1. Shown below is a picture of a Go-Kart which weighs 300# (with the rider), distributed with 60% of the weight on the rear axle and 40% on the front axle. The Go-Kart is powered by a gasoline engine that drives the rear axle via a chain drive and a 10” diameter sprocket. (Note: In chain drives, the loose side tension is assumed to be zero.) The rear axle supports the chassis on two bearings. The tires on the Go-Kart are 12” in diameter.
Suppose the Go-Kart wants to accelerate from 0 to 35MPH in ≤50 ft. If the tires don’t skid or spin, design the rear axle (i.e., specify dimensions) for a factor of safety ≥2.0 using the Von Mises criteria for static failure. To minimize weight and inertia, the axle should be made from a stock tube size and material rather than being solid (provide a reference for the size and material you select). The locations of the components on the rear axle are shown below.
2.Shown below is a traffic sign mounted to a pole. The pole is 4.50” OD x .237” wall thickness with Sut=70 ksi and Sy = 50 ksi. Other dimensions are shown below.
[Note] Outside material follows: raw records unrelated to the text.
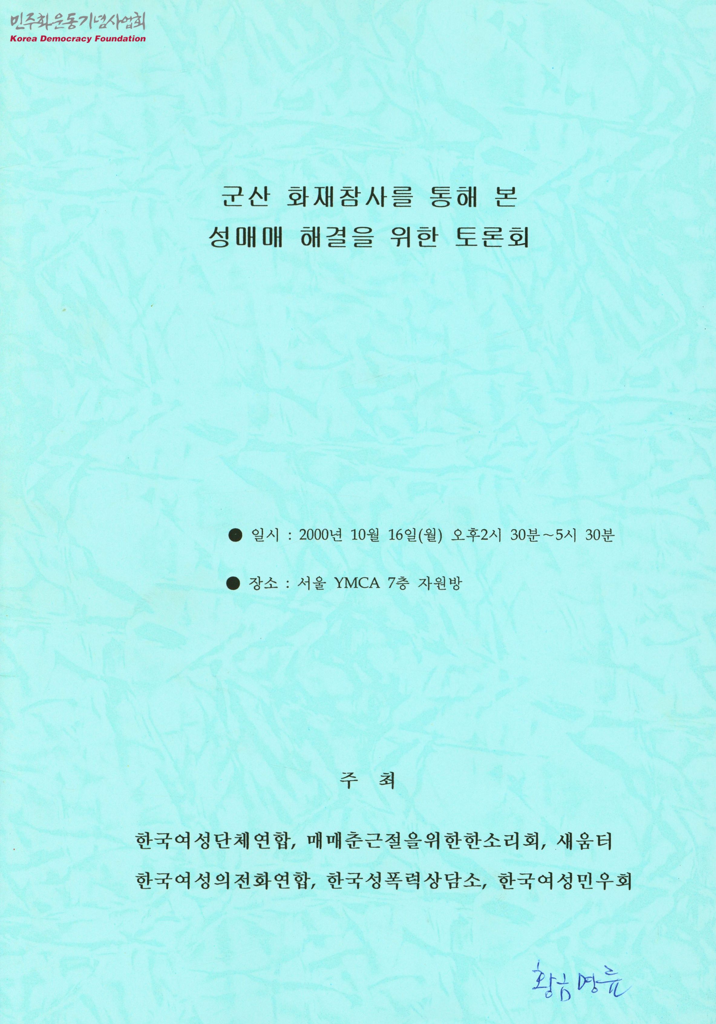 - 군산 화재 참사 사건 개요 및 경과와 성매매의 굴레, 우리 사회 성매매의 현실과 대책방안, 매매춘 문제의 대처방안, 성매매 근절 및 예방을 위한 제언 등의 내용이 포함된 자료집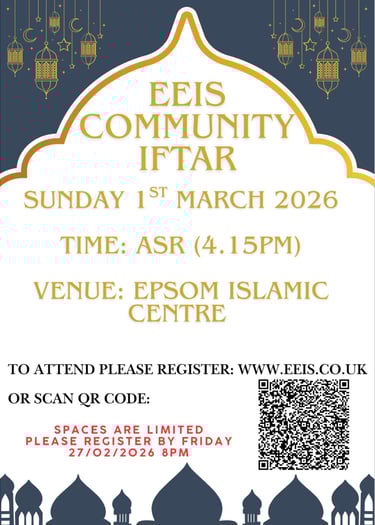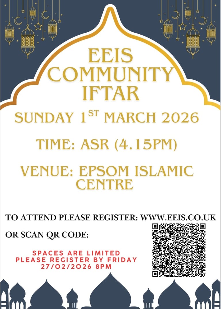 Epsom & Ewell Islamic Society are delighted to invite you to our Community Iftar Event.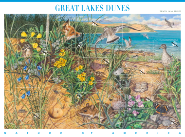 The 2008 Nature of America issuance, "Great Lakes Dunes," is the tenth stamp pane in an educational series that features the beauty and complexity of major plant and animal communities in the United States.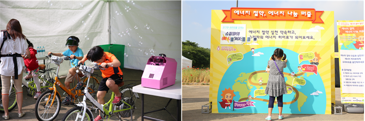 시민들은 이번 행사에서 자전거를 타면서 전달되는 동력에너지를 이용한 비누방울만들기와 햇빛을 이용한 선풍기 돌리기 등 자가발전을 체험해 볼 수 있었고 에너지 절약과 나눔에 대한 약속을 퍼즐판에 붙이기도 하는 등 에너지 절약에 대한 인식을 높이는 다채로운 행사에 참여하였습니다.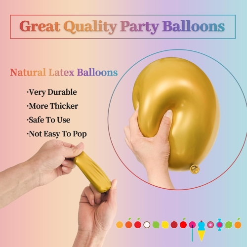 Anda boleh memilih satu warna metalik tunggal untuk pakej. Pilihan popular ialah emas champagne, hijau metalik, emas mawar dan sebagainya. Ia menjadikan pemandangan anda berasa ringkas dan disatukan. Ia membentang dengan sangat baik. Ia hampir tidak pernah muncul. Ia kekal penuh selama lebih 12 jam selepas inflasi. Anda juga boleh mencampurkan warna metalik yang berbeza. Cuba emas dan perak bersama-sama. Ini menghasilkan hiasan berlapis yang menarik perhatian. Gandingkan belon ini dengan belon lateks confetti juga. Kilauan licin belon metalik berbeza dengan tekstur konfeti yang berkilauan. Konfeti bergerak di dalam apabila anda menggoncangnya. Ini menambah keseronokan dan pergerakan ke mana-mana ruang. Set kecil belon warna metalik berfungsi untuk parti hari jadi, perkahwinan, acara percutian dan paparan tingkap kedai. Setiap set melepasi ujian kedap udara dan keselamatan yang ketat. Ia memenuhi piawaian antarabangsa seperti EN71 dan CE. Melambung mereka adalah mudah. Malah orang baru DIY boleh menggunakannya. Mereka juga disukai oleh perancang acara profesional. Anda akan mencipta ruang dengan suasana yang menakjubkan.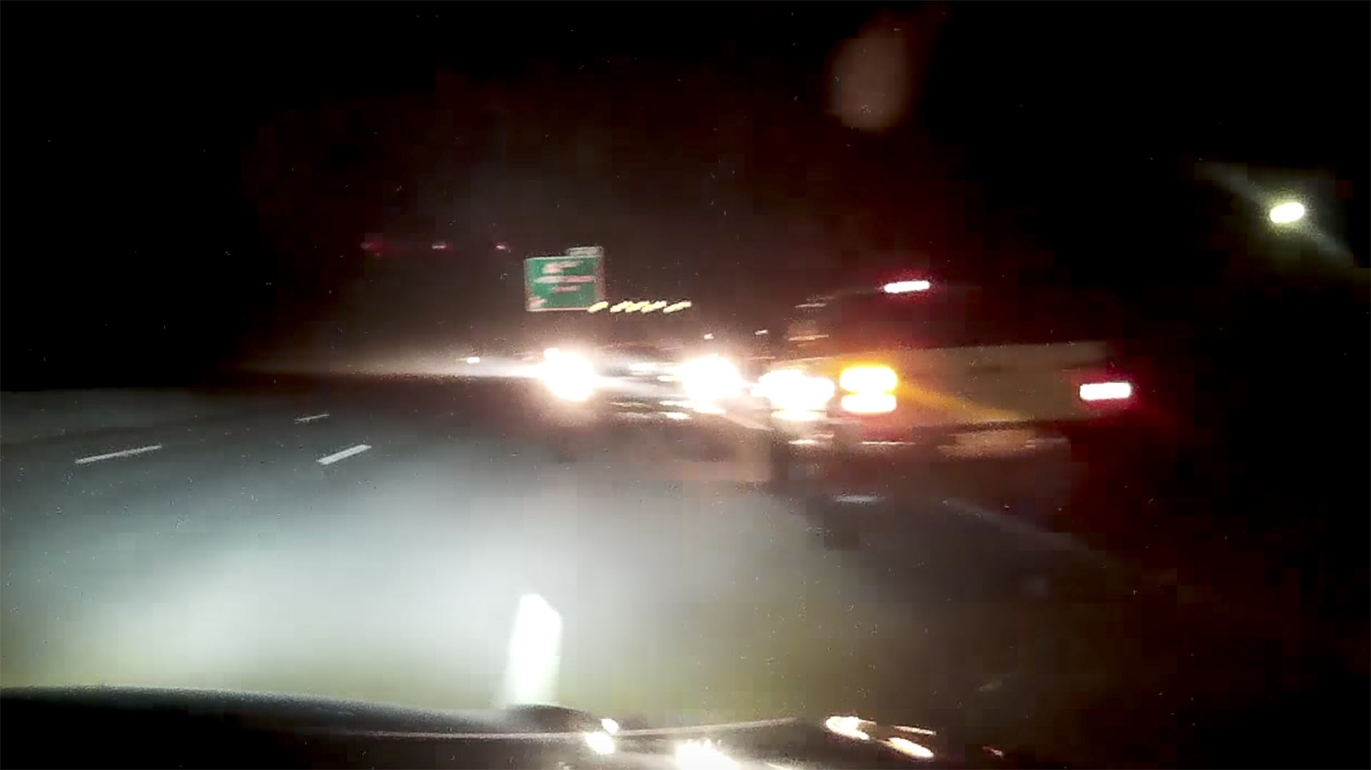 Remaining alert while driving is critical for obvious reasons, but this video below really drives the point home. The clip starts off with a seemingly normal night drive—when all of a sudden, the pickup in front of the Hyundai Sonata swerves to the right to avoid a massive Ram 2500 barreling down Interstate 215 southbound in the wrong direction. The truck slams into the passenger side front quarter panel of the car, before continuing on its path of destruction.

You may assume that the vertical and horizontal portions of the pole have uniform dimensions with density = 0.3#/in3, E = 30×106 psi, G = 11.5×106 psi.
a. If the wind produces a load of 200# acting in the center of the sign, what is the factor of safety for the pole design based on the maximum shear stress failure criteria?
b. Using Castigliano’s method, determine the movement of the sign in the direction of the wind load.